Your instructions: Every entry must be transcribed exactly. Pictures are not part of the copy.

Recorded data:
=-=-=-=-=

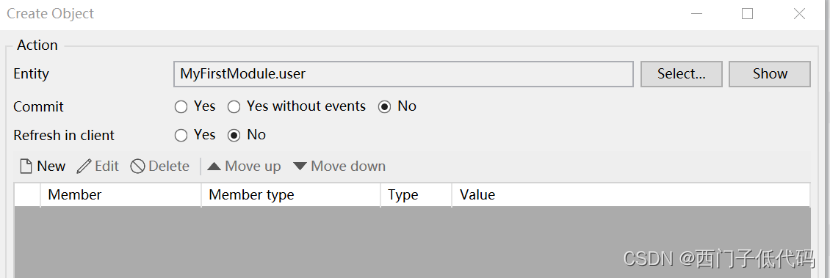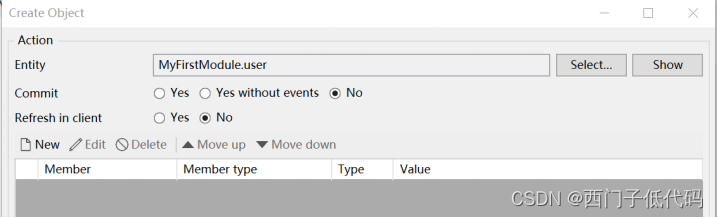 Tips:与2.4小节不同的是在“Show Message”后添加“Create object”。“Commit“选择“No”;“Refresh in client”选择“Yes”,目的是在增加和修改操作后刷新当前页面
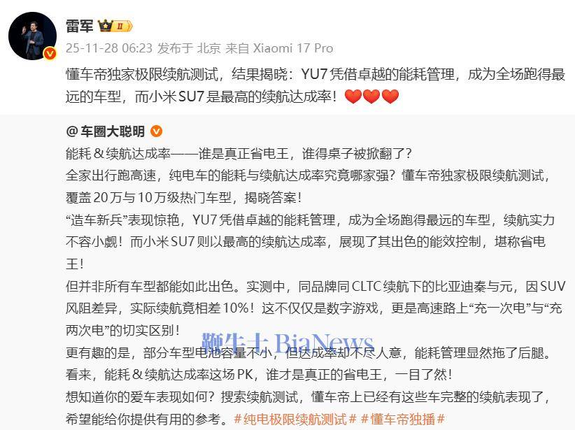 另一款車型小米YU7同樣備受矚目,其售價(jià)在25.35 - 32.99萬之間。該車同樣提供了后驅(qū)以及不同功率的雙電機(jī)四驅(qū)版本,零百加速時(shí)間在3.23 - 5.88秒不等,動力表現(xiàn)可圈可點(diǎn)。在續(xù)航上,小米YU7的CLTC續(xù)航里程為760 - 835km,為用戶的長途出行提供了有力保障。此次測試結(jié)果無疑為消費(fèi)者在選擇純電車時(shí)提供了重要的參考依據(jù)。
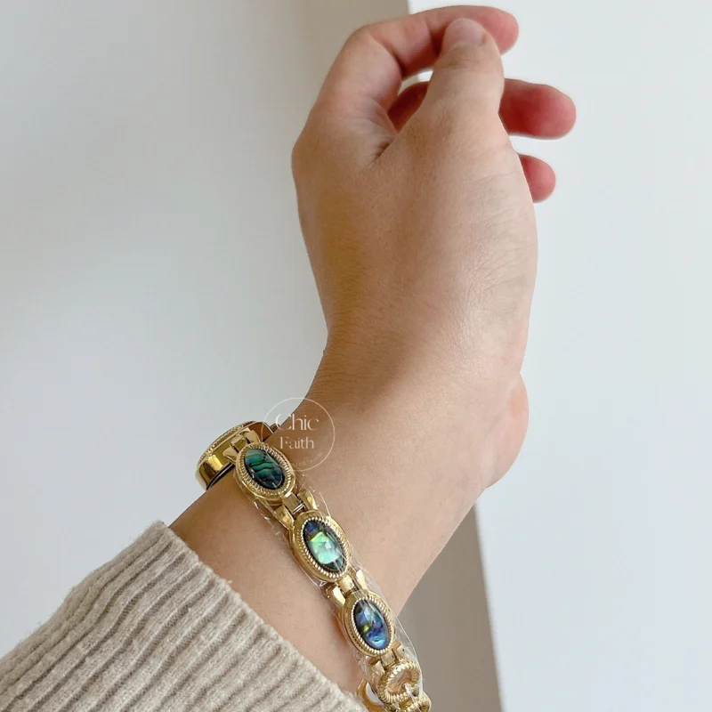 Inspired by the ocean’s natural beauty, the Vintage Watches for Women Natural Abalone Shell Bracelet Watch blends artistry and elegance into a single, timeless piece. The dial’s subtle design is perfectly paired with a bracelet adorned with natural abalone shell, showcasing an array of iridescent blues, greens, and purples that shift gracefully in the light. Every glance reveals the shell’s one-of-a-kind patterns, making each watch as unique as the woman who wears it.
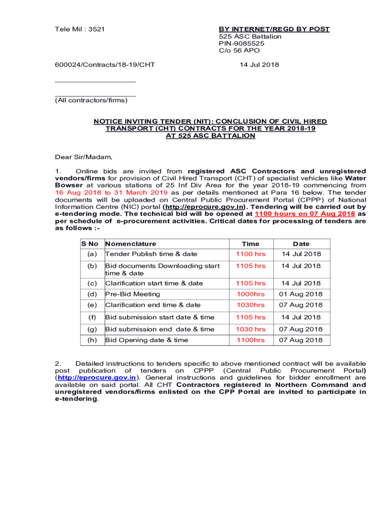 Tell Mil : 3521BY INTERNET×RED BY POST 525 ASC Battalion PIN9085525 C×o 56 APO600024×Contracts×1819/CHT14 Jul 2018___ ___ (All contractors×firms×NOTICE INVITING TENDER (NIT): CONCLUSION OF CIVIL
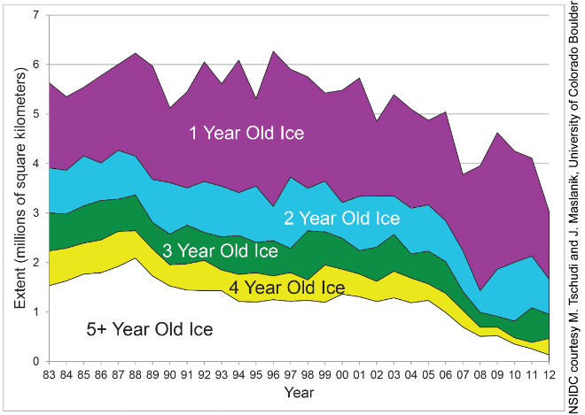 Over the years, the loss of sea ice has become especially manifest in the older ice, as illustrated by the image below.

=-=-=-=-=

Result of the task:
 Tips:与2.4小节不同的是在“Show Message”后添加“Create object”。“Commit“选择“No”;“Refresh in client”选择“Yes”,目的是在增加和修改操作后刷新当前页面
 另一款車型小米YU7同樣備受矚目,其售價(jià)在25.35 - 32.99萬之間。該車同樣提供了后驅(qū)以及不同功率的雙電機(jī)四驅(qū)版本,零百加速時(shí)間在3.23 - 5.88秒不等,動力表現(xiàn)可圈可點(diǎn)。在續(xù)航上,小米YU7的CLTC續(xù)航里程為760 - 835km,為用戶的長途出行提供了有力保障。此次測試結(jié)果無疑為消費(fèi)者在選擇純電車時(shí)提供了重要的參考依據(jù)。
 Inspired by the ocean’s natural beauty, the Vintage Watches for Women Natural Abalone Shell Bracelet Watch blends artistry and elegance into a single, timeless piece. The dial’s subtle design is perfectly paired with a bracelet adorned with natural abalone shell, showcasing an array of iridescent blues, greens, and purples that shift gracefully in the light. Every glance reveals the shell’s one-of-a-kind patterns, making each watch as unique as the woman who wears it.
 Tell Mil : 3521BY INTERNET×RED BY POST 525 ASC Battalion PIN9085525 C×o 56 APO600024×Contracts×1819/CHT14 Jul 2018___ ___ (All contractors×firms×NOTICE INVITING TENDER (NIT): CONCLUSION OF CIVIL
 Over the years, the loss of sea ice has become especially manifest in the older ice, as illustrated by the image below.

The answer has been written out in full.